■ Try it
Word for word, copy all the data and drop the pictures.

■ Information provided
+ + + + + + +

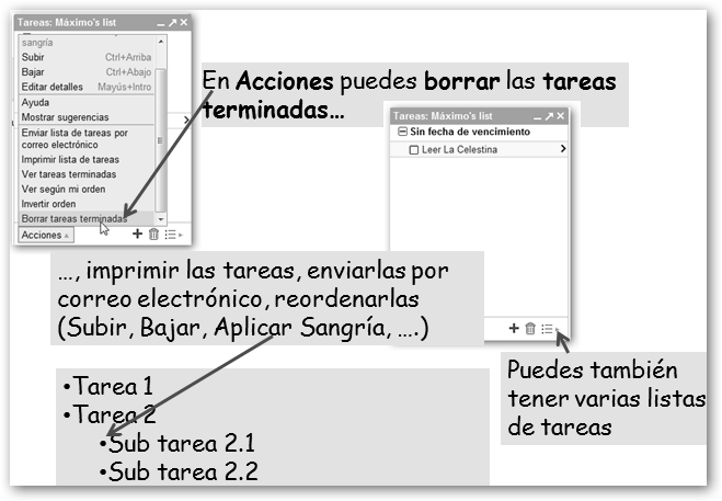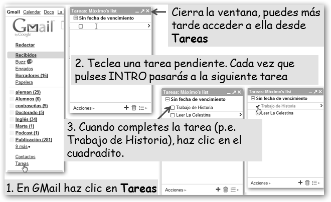 * Tareas: Mantienes una lista de tareas pendientes (por ejemplo, realizar el trabajo de Historia, terminar de leer el libro de Literatura, etc.). Dicha aplicación forma parte de GMail.
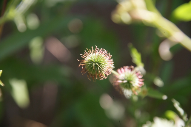 Samenkapsel von Pflanze vor Terrasse
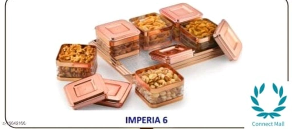 Liza Imperia 6 Pieces Jar Set With Tray - 250 ml, , GoldMaterial: PlasticPack: Pack of 1Product Length: 40 cmProduct Breadth: 25 cmProduct Height: 9.5 cmCountry of Origin: India

+ + + + + + +

■ Written response
 * Tareas: Mantienes una lista de tareas pendientes (por ejemplo, realizar el trabajo de Historia, terminar de leer el libro de Literatura, etc.). Dicha aplicación forma parte de GMail.
 Samenkapsel von Pflanze vor Terrasse
 Liza Imperia 6 Pieces Jar Set With Tray - 250 ml, , GoldMaterial: PlasticPack: Pack of 1Product Length: 40 cmProduct Breadth: 25 cmProduct Height: 9.5 cmCountry of Origin: India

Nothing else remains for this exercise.